Nat Struct Biol. 1995 May;2(5):380-5. doi: 10.1038/nsb0595-380.
A recurrent local structural motif is described at the amino terminus of alpha-helices, that consists of a specific hydrophobic interaction between a residue located before the N-cap, with a residue within the helix (i,i+5 interaction). NMR and CD analysis of designed peptides demonstrate its presence in aqueous solution, its contribution to alpha-helix stability and its role in defining the alpha-helix N terminus limit. Comparison between the N-terminal structures of the peptide and those in proteins with the same fingerprint sequence, shows striking similarities.
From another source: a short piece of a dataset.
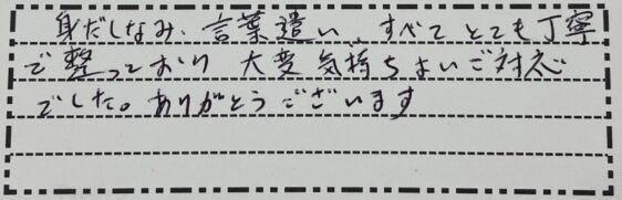 今回は作業担当者の身だしなみ、対応についてお褒めのお言葉をいただきました。

The change in the polypeptide chain direction produced by the motif suggests an important role in protein folding for residues located in polypeptide segments between secondary structure elements.
在α-螺旋的氨基末端描述了一种反复出现的局部结构基序,它由位于N-帽之前的一个残基与螺旋内的一个残基之间的特定疏水相互作用组成(i,i + 5相互作用)。对设计肽的核磁共振(NMR)和圆二色性(CD)分析表明其存在于水溶液中,对α-螺旋稳定性有贡献,并在定义α-螺旋N末端界限中起作用。该肽的N末端结构与具有相同指纹序列的蛋白质中的N末端结构之间的比较显示出惊人的相似性。该基序产生的多肽链方向变化表明,位于二级结构元件之间的多肽片段中的残基在蛋白质折叠中起重要作用。